« Ici, tout va correctement. Le vieux Paranjay habite ton ancienne maison et se plaint que tout est mal fait. La saison de la mousson va finir mais les dernières pluies ont été violentes et il y a beaucoup de dégâts. La route du sud est coupée et la rivière déborde de son lit. Au village, maintenant que tu n’es plus là, tout le monde redoute la maladie. Ils ont peur chaque fois qu’ils toussent ou se coupent à un doigt ! J’essaie de les rassurer et de les soigner mais je n’y arrive pas aussi bien que toi. Tu manques à tout le monde mais à ma famille encore plus. À moi surtout. La vie est moins drôle. Je vais encore parfois là-haut pour regarder le soleil se coucher mais j’y emmène les enfants parce que me retrouver sans mon grand frère est triste. Avec les enfants, c’est bien. Eux n’oublient pas leur gourdin et sont prêts à battre les chiens qui te cherchent. Voilà mon ami. J’espère que tu vas bien et que tu as retrouvé Emma.
« Je te salue, j’attends ton message.
« Ton ami Kishan d’Ambar. »
— Madame Quenon, j’aimerais vous poser une question, mais c’est un peu gênant…
— Allons docteur, vous êtes un grand garçon.
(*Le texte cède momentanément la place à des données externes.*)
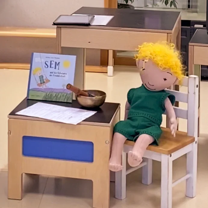 Die Kinder lassen sich von SEM (große Handpuppe und Protagonist des Kinderbuches „SEM und das Geheimnis der Freundschaft“) begeistert mitnehmen in das Land der Sinneswahrnehmung, Kreativität, Achtsamkeit und Freundschaft. Mit großen XXL Boards der Buchseiten fühlen wir mit allen Sinnen in die Erlebnisse von SEM inmitten der Natur mit Tieren, der Sonne, den Bäumen, den Blumen, aber auch Farben und Gerüchen hinein. Zu lebendiger Musik bewegen wir den Körper und achten ganz aufmerksam auf den Ton einer Klangschale. Im gemeinsamen Erzählen fördern wir ganz spielerisch und mit viel Spaß den Ausdruck des gemeinsamen Erlebens und die Fantasie.

Et si c’est au sujet de mes analyses, inutile de prendre des gants. Je vous l’ai dit, je ne crains pas de quitter ce monde.
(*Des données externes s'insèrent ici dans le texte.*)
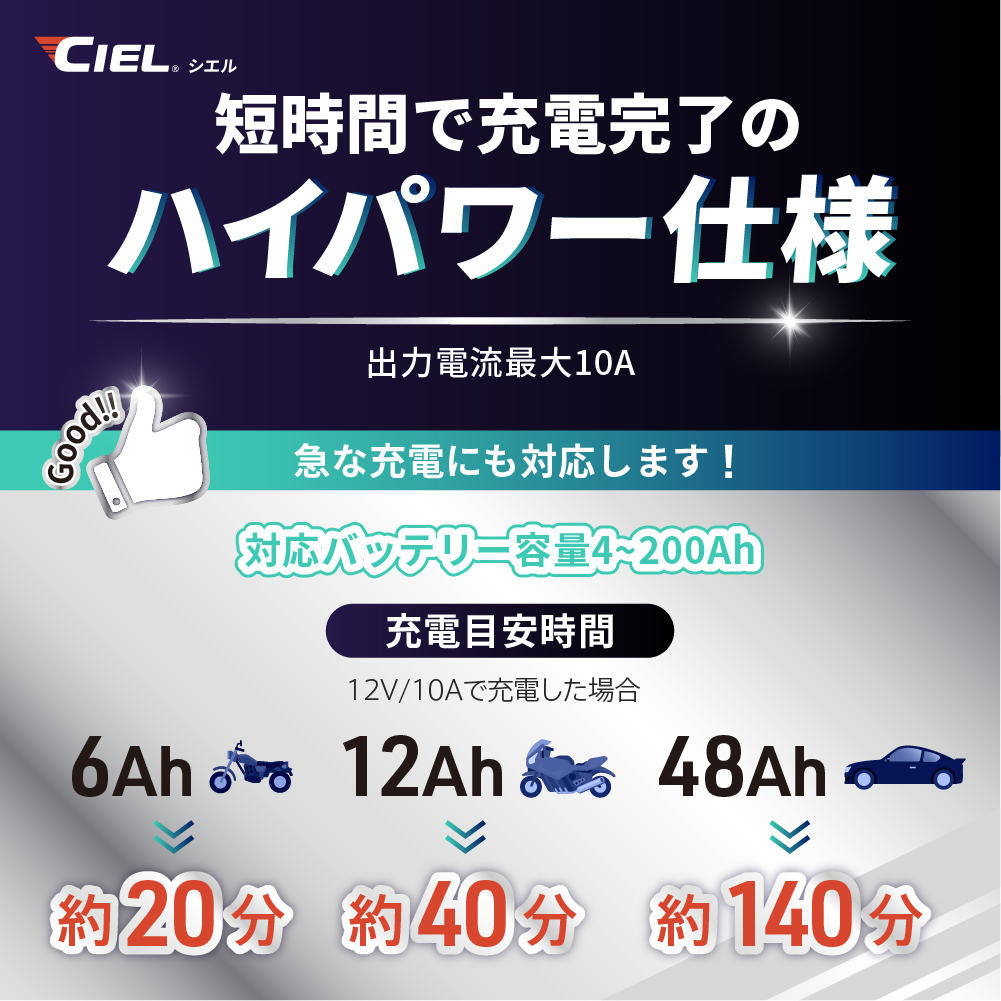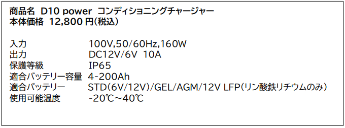 株式会社 LINKSは、バイクから自動車まで対応したCIEL ブランドのコンディショニングチャージャーシリーズに「D10 power」を追加し発売した。

— C’est à propos de ces voix que vous entendez…
— Vous pensez que c’est le signe de la mort qui approche ?
— Franchement, je l’ignore, mais je souhaiterais que vous m’en disiez davantage.
— Que voulez-vous savoir ?
— Pouvez-vous me les décrire ? Ce sont des mots, des chants, une seule voix, plusieurs ?
— Une voix d’homme, profonde et rassurante, mais tellement lointaine. On dirait des chants liturgiques, ou des opéras.
— L’avez-vous entendue récemment ?
— Voilà deux jours, je crois. J’en ai encore le frisson.
— Et la nuit dernière ?
Françoise chercha à se souvenir, puis répondit :
— Non, pas hier. Mais dites-moi docteur, pourquoi ces questions ?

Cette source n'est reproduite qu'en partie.